PROBLEM TO WORK ON:
The data below should be printed in full, exactly, and without any of its images.

DATA BELOW:
════════════════

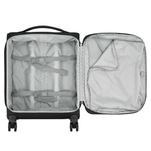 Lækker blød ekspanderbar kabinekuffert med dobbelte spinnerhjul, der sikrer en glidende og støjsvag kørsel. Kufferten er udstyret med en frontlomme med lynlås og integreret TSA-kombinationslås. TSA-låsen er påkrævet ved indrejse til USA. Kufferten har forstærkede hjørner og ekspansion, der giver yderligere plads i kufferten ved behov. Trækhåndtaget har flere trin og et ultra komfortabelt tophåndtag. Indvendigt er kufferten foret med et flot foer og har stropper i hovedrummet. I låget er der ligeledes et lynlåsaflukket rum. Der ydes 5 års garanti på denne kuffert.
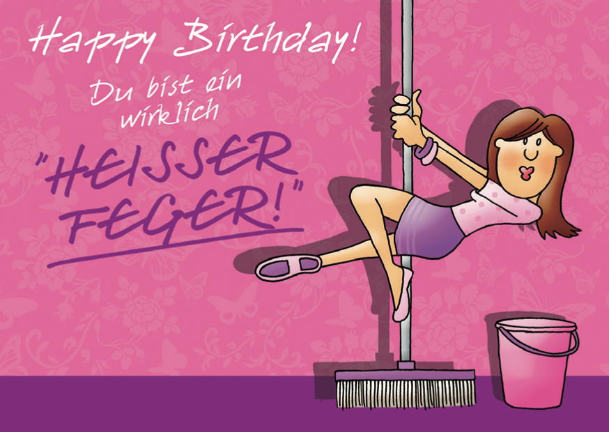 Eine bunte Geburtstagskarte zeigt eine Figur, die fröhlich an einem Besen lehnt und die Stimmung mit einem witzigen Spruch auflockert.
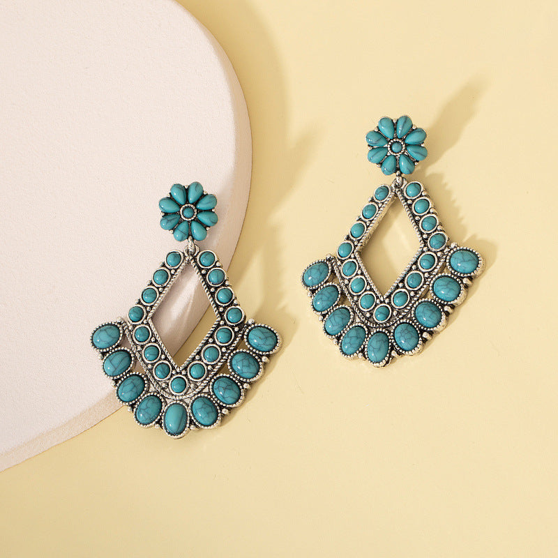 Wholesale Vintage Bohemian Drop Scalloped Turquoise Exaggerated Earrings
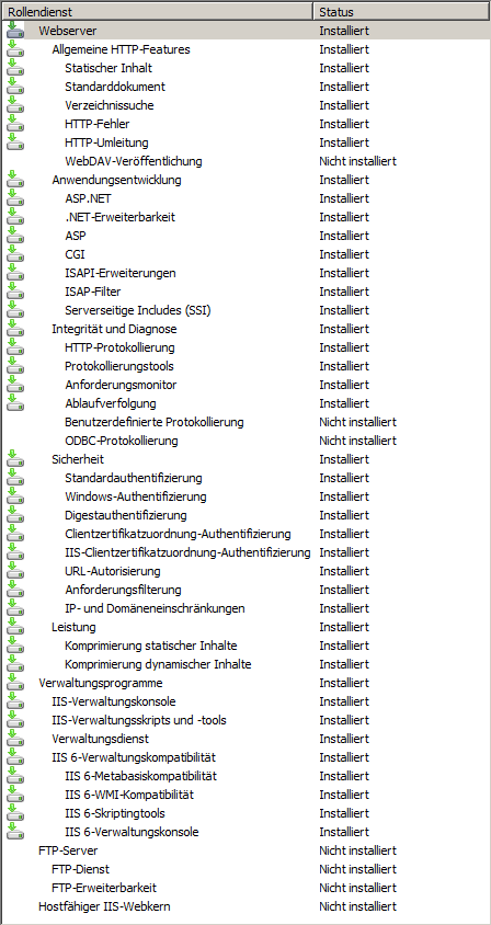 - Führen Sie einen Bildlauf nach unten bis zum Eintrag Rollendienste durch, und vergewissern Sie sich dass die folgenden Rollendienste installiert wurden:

════════════════

WRITTEN SOLUTION:
 Lækker blød ekspanderbar kabinekuffert med dobbelte spinnerhjul, der sikrer en glidende og støjsvag kørsel. Kufferten er udstyret med en frontlomme med lynlås og integreret TSA-kombinationslås. TSA-låsen er påkrævet ved indrejse til USA. Kufferten har forstærkede hjørner og ekspansion, der giver yderligere plads i kufferten ved behov. Trækhåndtaget har flere trin og et ultra komfortabelt tophåndtag. Indvendigt er kufferten foret med et flot foer og har stropper i hovedrummet. I låget er der ligeledes et lynlåsaflukket rum. Der ydes 5 års garanti på denne kuffert.
 Eine bunte Geburtstagskarte zeigt eine Figur, die fröhlich an einem Besen lehnt und die Stimmung mit einem witzigen Spruch auflockert.
 Wholesale Vintage Bohemian Drop Scalloped Turquoise Exaggerated Earrings
 - Führen Sie einen Bildlauf nach unten bis zum Eintrag Rollendienste durch, und vergewissern Sie sich dass die folgenden Rollendienste installiert wurden:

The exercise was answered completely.